Вывернув руль, Гоча направил машину на соседнюю улицу, а потом через перекресток на городской проспект. Словно специально, стоило ему только притормозить у обочины напротив пятиэтажки, дверь одного из подъездов открылась, и вышла Люба. Следом за ней семенил мальчишка лет пяти и тащил за собой деревянную грузовую машину.
Когда Люба с ребенком оказались на тротуаре, Гоча подъехал ближе и опустил окно.
— Эй, Люб!

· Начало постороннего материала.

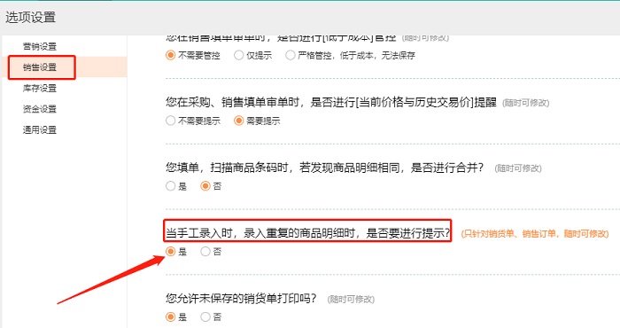 1、进入【系统管理】-【选项设置】-【销售设置】,找到【当手工录入时,录入重复的商品明细时,是否要进行提示?】勾选【是】按钮。

Стой!
Она обернулась, поджав губы. Не накрашенная, с забранными в хвост волосами, выглядела Люба гораздо моложе.
— Чего тебе? — прошипела она, продолжая тащить за собой ребенка.
— Ты куда намылилась-то?
— В детский сад, не видишь?
— Я тебе сказал стой, курва! — приказал Гоча.
Люба сузила глаза, скривилась, но остановилась. Паренек ее тут же присел, поправляя съехавший на бок кузов.

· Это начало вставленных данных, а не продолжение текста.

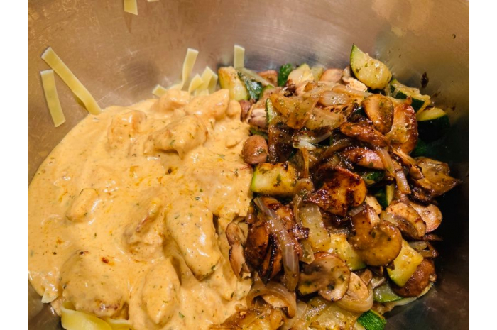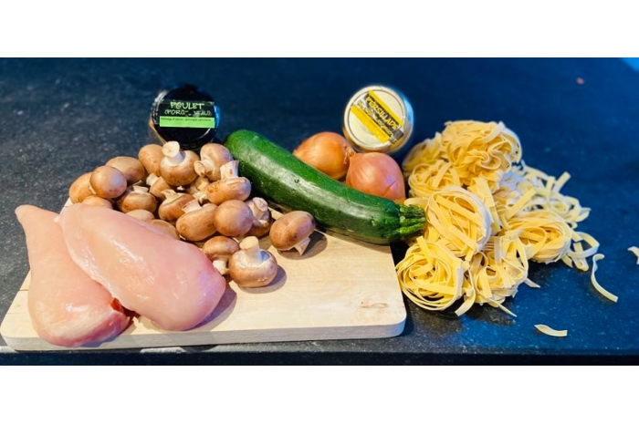 Pâtes courgettes-champignons-poulet

— Давай, рассказывай, что там у тебя с этим москвичом было?
— Все было, — коротко ответила она и потянула сына за собой.
— А если проверю? — крикнул ей вдогонку Гоча.
Люба обернулась и одними губами произнесла фразу, за которую любой мужик размазал бы ее симпатичную физиономию по асфальту. Но она была девкой Гантемирова, и как бы ни чесались кулаки, прижучить ее мог только он.

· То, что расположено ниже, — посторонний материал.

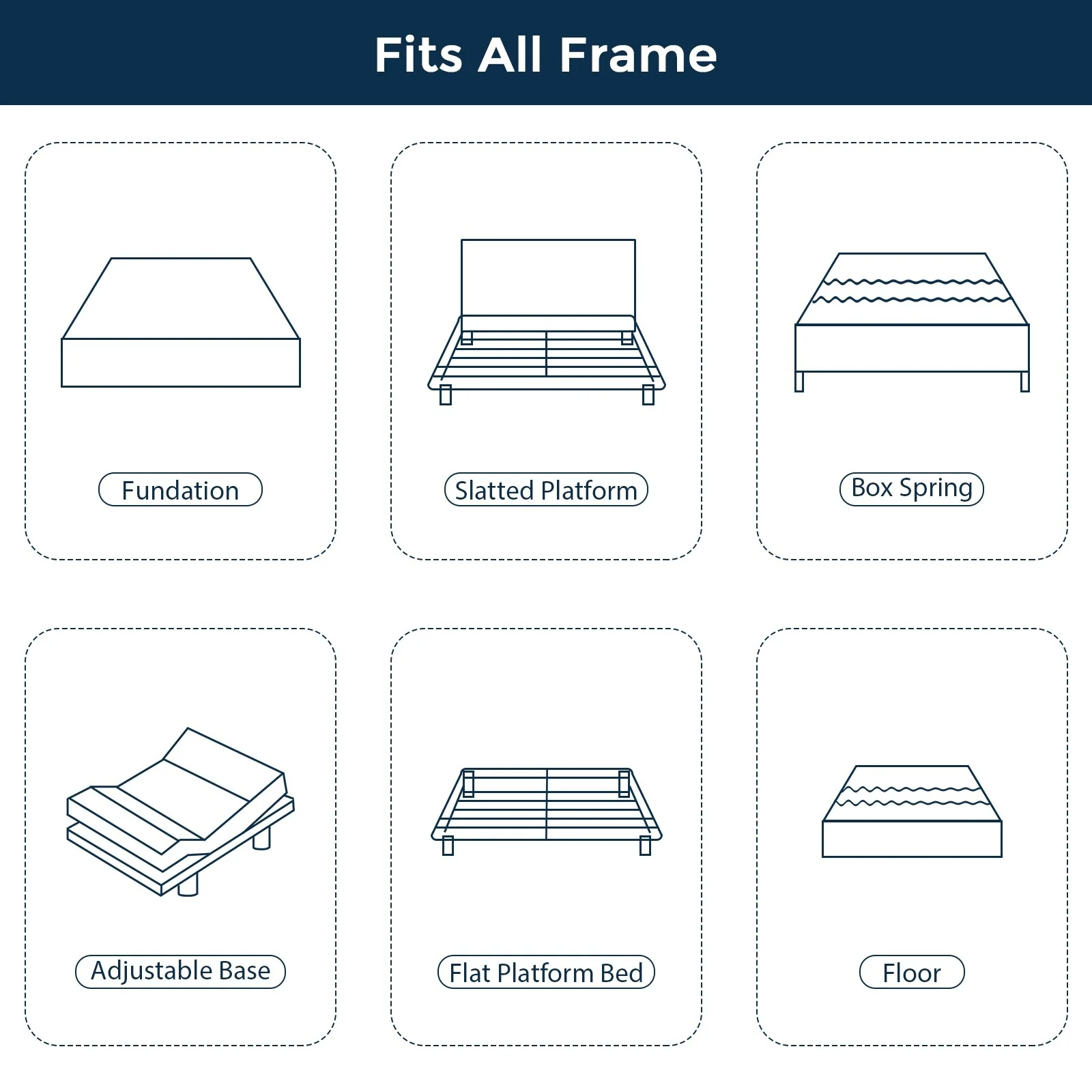 Effortless Setup – Convenience meets versatility with our queen hybrid mattress, designed to fit seamlessly on various bed frames, including box springs, modern platforms, bunk beds, or even directly on the floor. Setup is simple—just unroll, unwrap, and watch the mattress expand. Allow 48-72 hours for full expansion. A quick tip: be cautious during the mattress’s rapid unfurling process.

Гоча набрал Бражникова и доложил об их коротком разговоре.
— Я, может, тогда к гайцам заеду? Камеры проверю.
Получив добро, Гоча поехал дальше, размышляя над тем, где и у кого могла затаиться Алиса Бражникова.
30
Таня еще какое-то время постояла у забора, глядя вслед отъехавшей машине, а затем заторопилась к дому, на ходу подбирая сваливающийся с ноги старый тапок.
— Понравилась я ему, ага, как же! — пробормотала она, скидывая обувь и ступая на чистый вязаный половичок.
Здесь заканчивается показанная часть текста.